The best way to prove that training creates value is to measures how effectively information gets into the brain. My company, Immersion, took my lab’s research findings and created a software platform that lets anyone measure the neurologic impact of experiences. Rather than use bulky and expensive brain imaging machines, we work with small sensors worn on the forearm and wrote algorithms that infer what the brain is doing. It took us 20 years of basic science to trace out these pathways (Zak, P. J., & Barraza, J. A. (2018). Measuring Immersion in Experiences with Biosensors – Preparation for International Joint Conference on Biomedical Engineering Systems and Technologies. Proceedings of the 11th International Joint Conference on Biomedical Engineering Systems and Technologies. doi:10.5220/0006758203030307). This allows our clients to measure immersion for 1 to 1,000 people simultaneously. Then we added some clever cloud computing, so immersion can be seen in real time.

Clients use the Immersion platform to measure and improve corporate training, as well as K-12 education. Across multiple client projects, my team has found a powerful positive 0.60 correlation between immersion and recall of information. In other words, when training immerses learners, it gets into the brain and stays accessible. Measuring what matters is the first step to proving that training provides value to organizations. Measurement is also how training is improved and customized for each learner.

How to Create Immersive Training

1. Tell a story. Information presented at human scale using a narrative arc effectively builds immersion. Sure, graphs show a lot information quickly, but stories about the struggles of an employee or customer stick in memory because they are inherently emotional, driving up immersion.

2. Escape the tyranny of the 60-minute clock. Create immersive learning modules that break training into 20 minute intervals that include presentation of the material, an opportunity to practice what one has learned, and a recap by learners of what was learned.

3. Schedule breaks. Trainers need to know when immersion lags. For example, Immersion client Accenture eliminated the seemingly mandatory introductions on day one; they discovered that only person immersed during the intro was the person giving it. Immersion’s clients also have found that “working lunches” not only reduce immersion during lunchtime presentations but also drag down during post-lunch immersion. Immersive training is like working out: Challenge the brain, then give it time to relax and recover. Then challenge again.

4. Identify Immersion Champions. Participatory learning sticks in the brain because one has had to apply the information immediately after learning it. Borrow a maxim from medical school, “See one, do one, teach one.” Identify learners who can explain how they accomplished the task to facilitate peer-to-peer knowledge transfer. The Immersion platform ranks learners by neurologic responses to identify Immersion Champions immediately after a session has concluded. A technology-free approach is to ask for volunteers (though introverts are less likely to contribute).

5. Follow up the next day. The brain consolidates information during sleep. Recall is improved when information is accessed the day after training. Follow up training by giving learners a task to do using their new knowledge. It is easy to do this online. Be sure to give learners feedback on their answers and a chance to fix their mistakes so the correct information is reinforced.

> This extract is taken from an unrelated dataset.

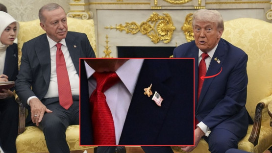 Görüşmenin en dikkat çeken kısmı ise Trum'p'ın taktığı uçak sembollü rozet oldu.

Advances in neuroscience—including scalable, real-time measurement of neural responses—prove the value of training and improve its transmission to learners. It is time to stop guessing and start driving up the ROI from the content you create. When your content matters, it needs to be immersive.

Paul J. Zak, Ph.D., is founder and chief immersion officer of Immersion Neuroscience, a software-as-a-service (SaaS) platform that measures attention and the unconscious emotional response we all have to compelling content, and predicts future actions with 80 percent accuracy.